Extrusion is a mechanism used to eliminate unfit, excess, or dying cells from epithelial tissues. The initial events guiding which cells will be selectively extruded from the epithelium are not well understood. Here, we induced damage in a subset of epithelial cells in the developing zebrafish and used time-lapse imaging to examine cell and cytoskeletal dynamics leading to extrusion. We show that cell extrusion is preceded by actomyosin contractions that are pulsatile. Our data show that pulsatile contractions are induced by a junctional to medial re-localization of myosin. Analysis of cell area during contractions revealed that cells pulsing with the longest duration and highest amplitude undergo progressive area loss and extrude. Although pulses were driven by local increases in tension, damage to many cells promoted an overall decrease in the tensile state of the epithelium. We demonstrate that caspase activation leads to sphingosine-1-phosphate enrichment that controls both tissue tension and pulses to dictate areas of extrusion. These data suggest that the kinetics of pulsatile contractions define a key behavioral difference between extruding and non-extruding cells and are predictive of extrusion. Altogether, our study provides mechanistic insight into how localized changes in physical forces are coordinated to remove defective cells for homeostatic maintenance of living epithelial tissues.
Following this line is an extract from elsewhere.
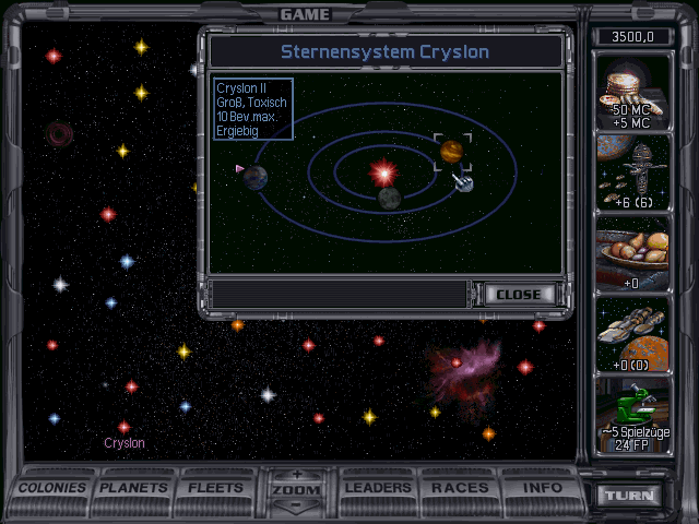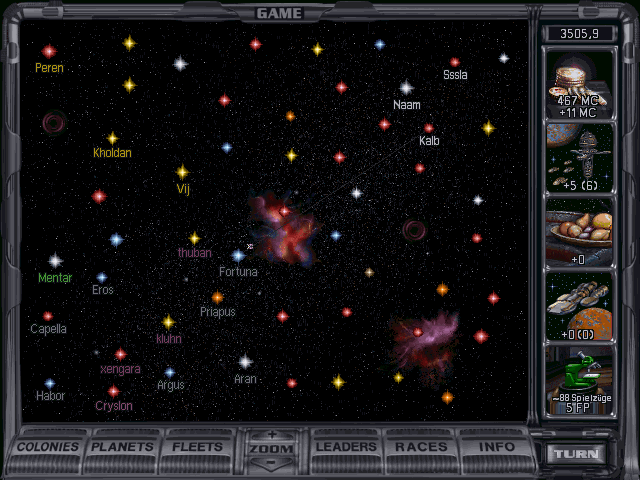 Das Heimatsystem ist nicht schlecht, es hat zwei zusätzliche Planeten, die gar nicht mal wenig Bevölkerung tragen können. Mit einer widerstandsfähigen Rasse sieht die Galaxis ja prinzipiell freundlicher aus. Die Startposition am Rand ist beruhigend. Eine zentral gelegene Heimatwelt hätte für eine abstoßende Rasse fast nur Nachteile. Kontakte haben keinen Nutzen, Nachbarn sind nicht mehr als potenzielle Aggressoren.

挤压是一种用于从上皮组织中消除不合适、过量或垂死细胞的机制。指导哪些细胞将选择性地从上皮中挤出的初始事件尚不清楚。在这里，我们在发育中的斑马鱼的上皮细胞亚群中诱导了损伤，并使用延时成像来检查导致挤压的细胞和细胞骨架动力学。我们表明，细胞挤出之前是脉动的肌动球蛋白收缩。我们的数据表明，脉动性收缩是由肌球蛋白的连接到内侧重新定位引起的。对收缩期间细胞面积的分析表明，以最长持续时间和最高振幅脉冲的细胞经历渐进的面积损失和挤压。尽管脉冲是由局部张力增加驱动的，许多细胞的损伤促进了上皮细胞拉伸状态的整体下降。我们证明 caspase 激活导致 1-磷酸鞘氨醇富集，控制组织张力和脉冲以指示挤出区域。这些数据表明，脉动收缩的动力学定义了挤出和非挤出细胞之间的关键行为差异，并且可以预测挤出。总而言之，我们的研究提供了有关如何协调物理力的局部变化以去除有缺陷的细胞以维持活上皮组织的稳态维持的机械洞察力。这些数据表明，脉动收缩的动力学定义了挤出和非挤出细胞之间的关键行为差异，并且可以预测挤出。总而言之，我们的研究提供了有关如何协调物理力的局部变化以去除有缺陷的细胞以维持活上皮组织的稳态维持的机械洞察力。这些数据表明，脉动收缩的动力学定义了挤出和非挤出细胞之间的关键行为差异，并且可以预测挤出。总而言之，我们的研究提供了有关如何协调物理力的局部变化以去除有缺陷的细胞以维持活上皮组织的稳态维持的机械洞察力。